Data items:
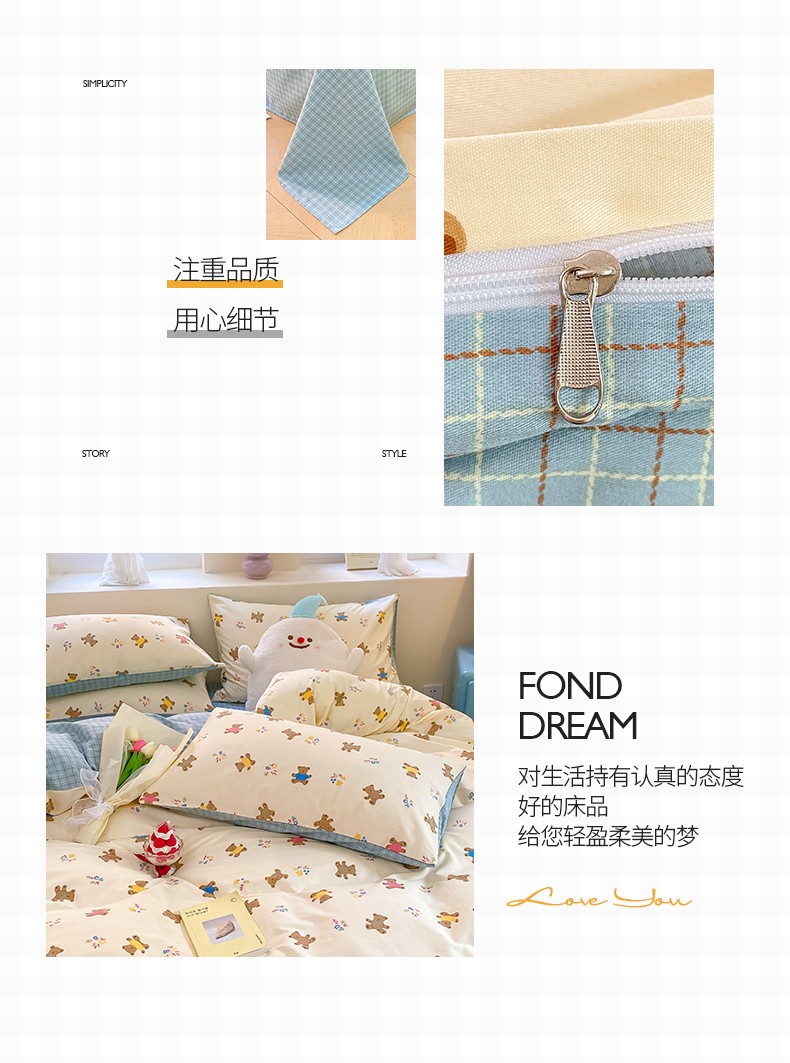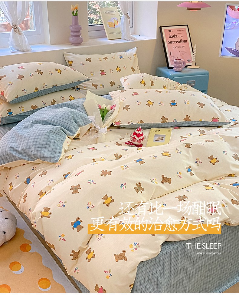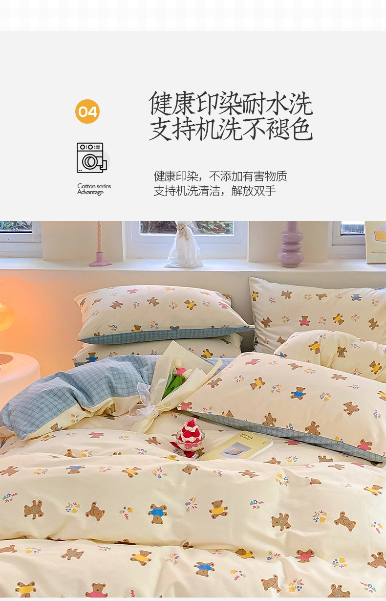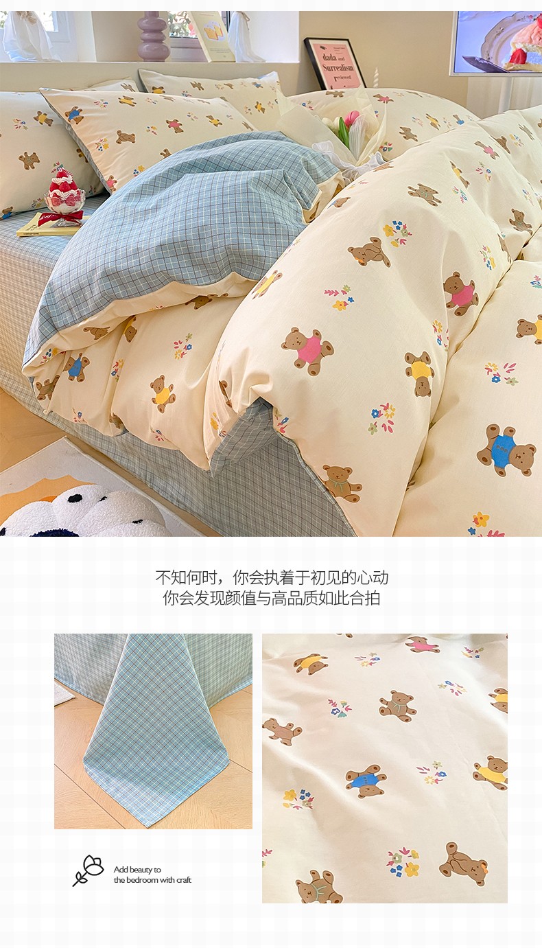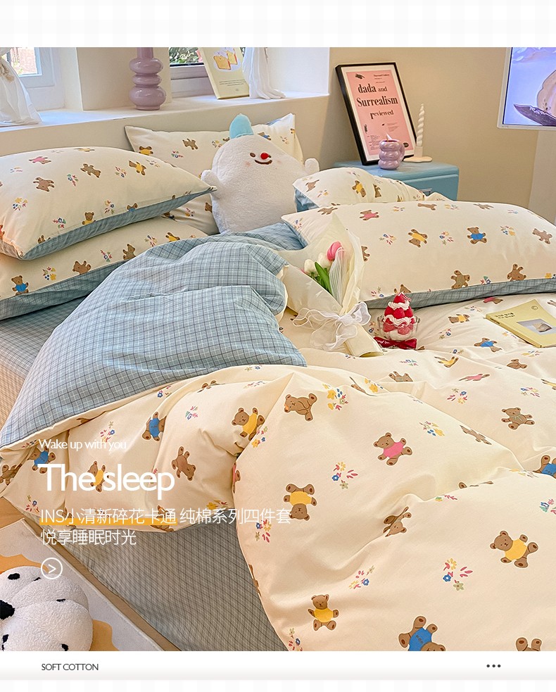 商品名称:桃子 2023新款ins小清新碎花卡通纯棉系列四件套 棉-饼干熊
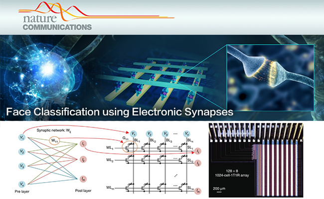 2017.055月12日,mk手机注册微电子所钱鹤、吴华强课题组在《自然通讯》(Nature Communications)在线发表了题为 “运用电子突触进行人脸分类”(“Face Classification using Electronic Synapses”)的研究成果,将氧化物忆阻器的集成规模提高了一个数量级,首次实现了基于1024个氧化物忆阻器阵列的类脑计算,可以使芯片功耗降低1000倍以上。
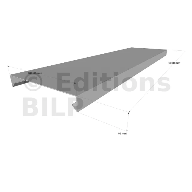 Couvertine d’acrotère plate - Gamme 280 - Aluminium 15/10 - Longueur 1000mm - Réf. CP15-280-1000
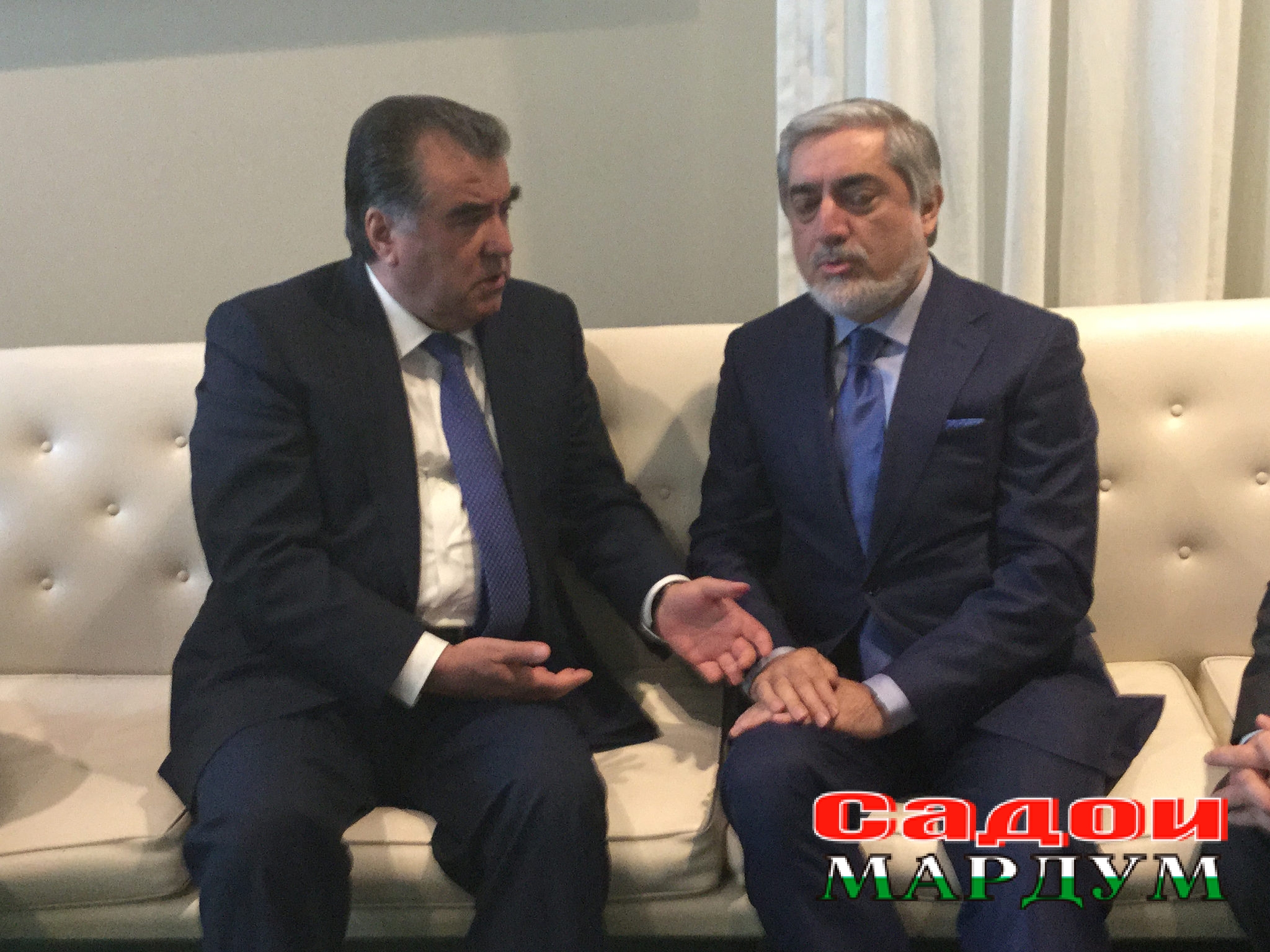28 сентябри соли 2015 дар қароргоҳи СММ дар шаҳри Ню-Йорки ИМА Президенти Ҷумҳурии Тоҷикистон Эмомалӣ Раҳмон бо Раиси иҷроияи Ҷумҳурии Исломии Афғонистон доктор Абдуллоҳ Абдуллоҳ мулоқот намуд.
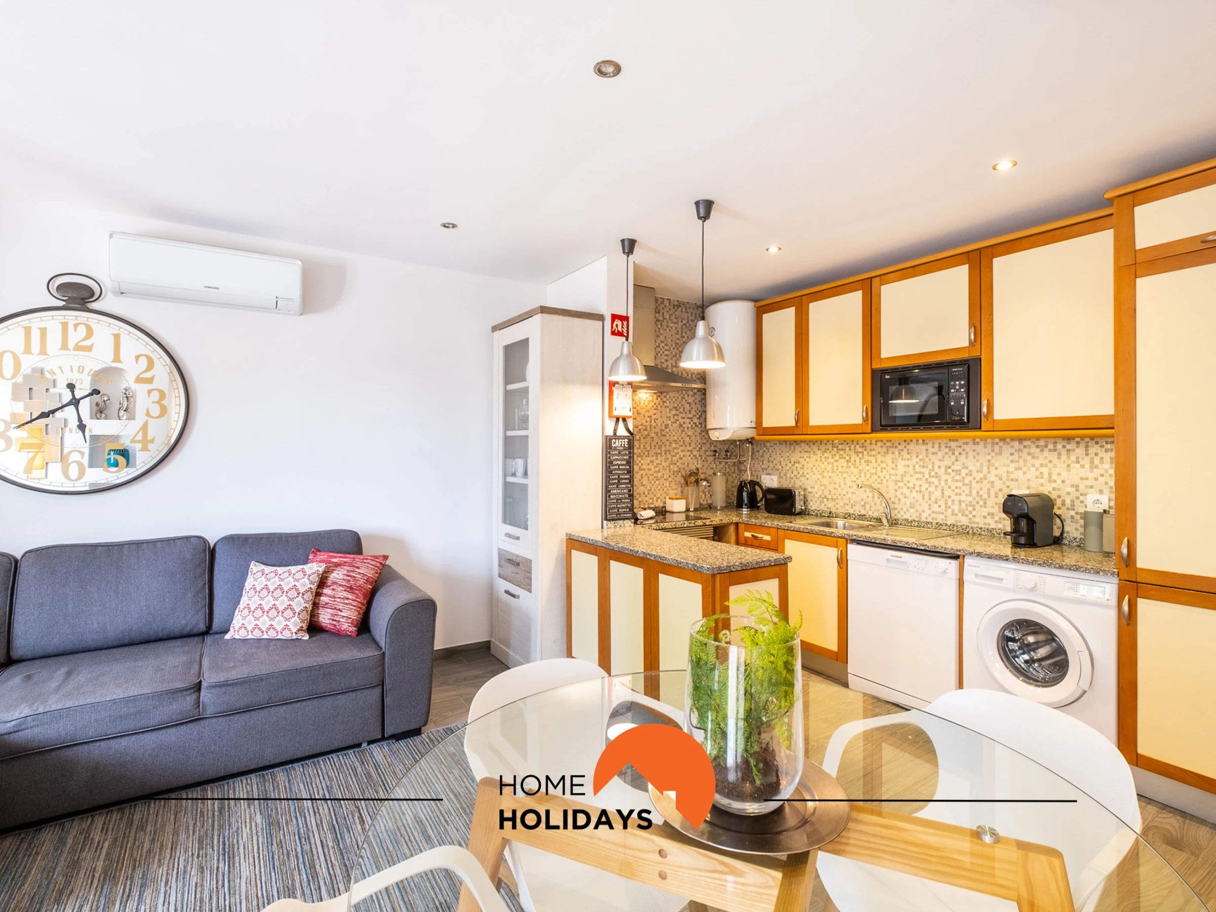 The spacious living room boasts an open-plan, fully equipped kitchen where you can prepare delicious meals while enjoying the company of your loved ones. For your comfort, the apartment is equipped with air conditioning in the living room and bedroom, ensuring a pleasant environment throughout your stay.

[WHAT IS EXPECTED] All lines from the one bearing "Couvertine d’acrotère plate" through the last line of the records, and only those, should be duplicated exactly; no picture belongs in the copy.

[OUTPUT OF THE TASK]
 Couvertine d’acrotère plate - Gamme 280 - Aluminium 15/10 - Longueur 1000mm - Réf. CP15-280-1000
28 сентябри соли 2015 дар қароргоҳи СММ дар шаҳри Ню-Йорки ИМА Президенти Ҷумҳурии Тоҷикистон Эмомалӣ Раҳмон бо Раиси иҷроияи Ҷумҳурии Исломии Афғонистон доктор Абдуллоҳ Абдуллоҳ мулоқот намуд.
 The spacious living room boasts an open-plan, fully equipped kitchen where you can prepare delicious meals while enjoying the company of your loved ones. For your comfort, the apartment is equipped with air conditioning in the living room and bedroom, ensuring a pleasant environment throughout your stay.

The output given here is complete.